To a stirred solution of (3S,8S,9S,10R,13R,14S,17R)-10,13-dimethyl-17-((R)-6-methylhept-2-yl)-2,3,4,7,8,9,10,11,12,13,14,15,16,17-tetradecahydro-1H-cyclopenta[a]phenanthrene-3-yl 5-((3-((tert-butoxycarbonyl)amino)-3-methylbutyl)(8-((((4-methoxybenzyl)oxy)carbonyl)amino)-8-methylnonyl)amino)-5-oxopentanoate (0.143 g, 0.143 mmol) in DCM (2.2 mL) was added 4N HCl in dioxane (0.25 mL). The reaction mixture was stirred at room temperature and monitored by LCMS. At 17 h, 4N HCl in dioxane (0.10 mL) was added. At 22 hours, MTBE (15mL) was added, and the reaction mixture was kept overnight at 4 ° C. The suspension was centrifuged (10,000xg was kept for 30min at 4 ° C). The supernatant was decanted. The solid was suspended in MTBE and concentrated to obtain 5-((3-amino-3-methylbutyl) (8-amino-8-methylnonyl) amino)-5-oxopentanoic acid (3S, 8S, 9S, 10R, 13R, 14S, 17R)-10,13-dimethyl-17-((R)-6-methylheptyl-2-yl)-2,3,4,7,8,9,10,11,12,13,14,15,16,17-tetrahydro-1H-cyclopenta [a] phenanthrene-3-yl ester dihydrochloride (0.082g, 0.098mmol, 68.7%) as a white solid. UPLC/ELSD: RT = 2.24 min. MS (ES): m/z for C ₄₇ H ₈₅ N ₃ O ₃ = 371.23 (M+2H) ²⁺ . ¹ H NMR (300MHz, MeOD) δ5.43-5.35(m,1H),4.62-4.47(m,1H),3.51-3.33(m,4H),2.49-2.27(m,6H),2.11-1.78(m,9H),1.71-0.98(m,33H),1.37(s,6H) ,1.33(s,6H),1.05(s,3H),0.95(d,J＝6.4Hz,3H),0.89(d,J＝6.6Hz,3H),0.88(d,J＝6.6Hz,3H),0.73(s,3H).

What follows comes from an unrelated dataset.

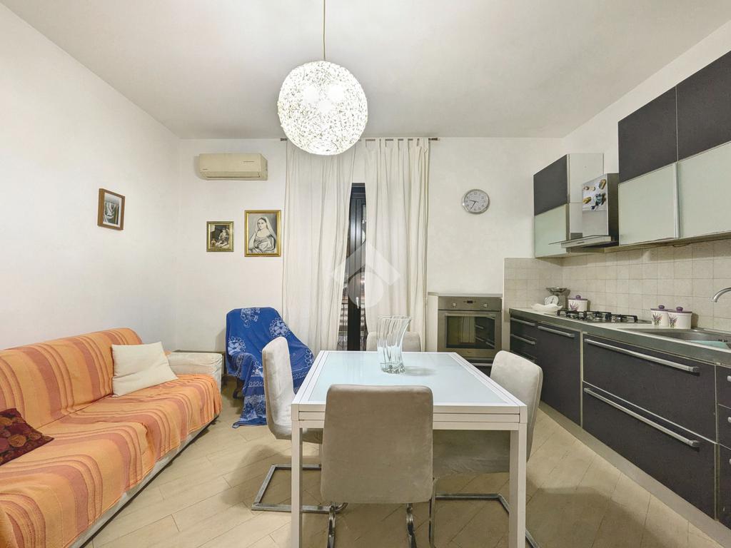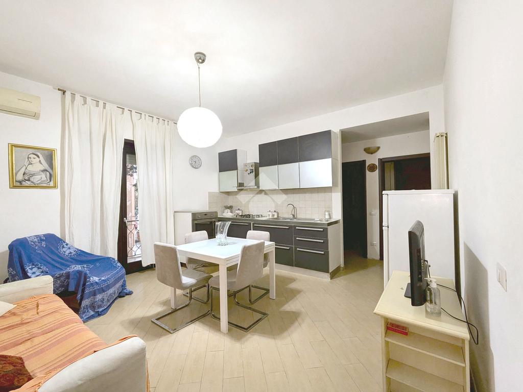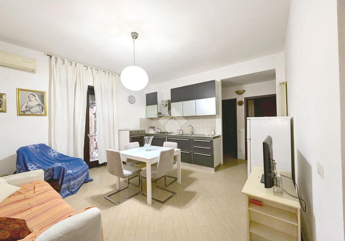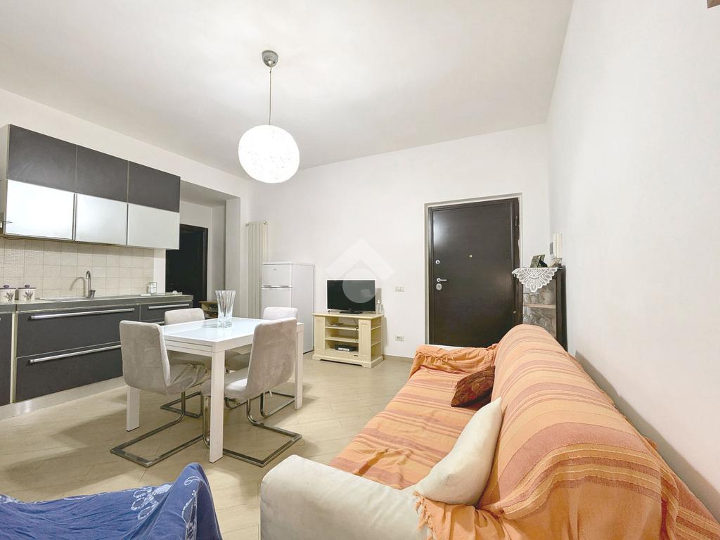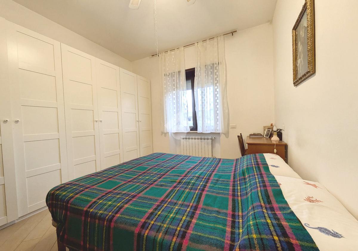 L'appartamento si compone di un luminoso soggiorno con angolo cottura con uscita su un balcone. La zona notte include una camera matrimoniale e una cameretta, quest'ultima dotata di un pratico balconcino. Il bagno è finestrato con box doccia.

BP. Compound SA142: (3S,8S,9S,10R,13R,14S,17R)-10,13-dimethyl-17-((R)-6-methylhept-2-yl)-2,3,4,7,8,9,10,11,12,13,14,15,16,17-tetradecahydro-1H-cyclopenta[a]phenanthrene-3-yl 5-((3-aminobutyl)(8-aminononyl)amino)-5-oxopentanoate dihydrochloride

Step 1: (3S,8S,9S,10R,13R,14S,17R)-10,13-dimethyl-17-((R)-6-methylhept-2-yl)-2,3,4,7,8,9,10,11,12,13,14,15,16,17-tetradecahydro-1H-cyclopenta[a]phenanthrene-3-yl 5-((3-((tert-butoxycarbonyl)amino)butyl)(8-((tert-butoxycarbonyl)amino)nonyl)amino)-5-oxopentanoate

To 5-{[(1R,3aS,3bS,7S,9aR,9bS,11aR)-9a,11a-dimethyl-1-[(2R)-6-methylhept-2-yl]-1H,2H,3H,3aH,3bH,4H,6H,7H,8H,9H,9bH,10H,11H-cyclopenta[a]phenanthrene-7-yl]oxy}-5-oxopentanoic acid (0.09 g, 0.18 mmol) was added. To a solution in anhydrous DCM (5 mL) stirred under nitrogen was added tert-butyl (9-((3-((tert-butoxycarbonyl)amino)butyl)amino)non-2-yl)carbamate (0.08 g, 0.18 mmol), dimethylaminopyridine (0.04 g, 0.35 mmol), and 1-ethyl-3-(3-dimethylaminopropyl)carbodiimide hydrochloride (0.07 g, 0.35 mmol). The resulting solution was stirred at room temperature overnight. The solution was then diluted with dichloromethane, washed with saturated aqueous sodium bicarbonate solution (1 x 20 mL) and brine (1 x 20 mL), dried over sodium sulfate, filtered, and concentrated to an oil. The oil was dissolved in DCM and purified on silica in DCM with a 0-100% (80:19:1 DCM/MeOH/ _NH4OH ) gradient. Fractions containing product were pooled and concentrated to give (3S,8S,9S,10R,13R,14S,17R)-10,13-dimethyl-17-((R)-6-methylhept-2-yl)-2,3,4,7,8,9,10,11,12,13,14,15,16,17-tetradecahydro-1H-cyclopenta[a]phenanthrene-3-yl 5-((3-((tert-butoxycarbonyl)amino)butyl)(8-((tert-butoxycarbonyl)amino)nonyl)amino)-5-oxopentanoate as a light yellow oil (0.13 g, 0.15 mmol, 82.9%). UPLC/ELSD: RT: 3.53 _{min .} MS (ES): m/z (MH ⁺ ) 913.4 _{for C55H97N3O7} . ¹ H NMR (300MHz, CDCl ₃ ) δ5.35(br.m,1H),4.59(br.m,2H),4.38(br.s,1H),3.59(br.m,2H),3.22(br.m,4H),2.32(m,6H),1.93(m,4H),1.81(m,3H),1.50(br .m,10H),1.42(s,18H),1.27(s,14H),1.09(m,12H),0.99(s,6H),0.90(d,4H,J＝6Hz),0.83(d,6H,J＝6Hz),0.66(s,3H).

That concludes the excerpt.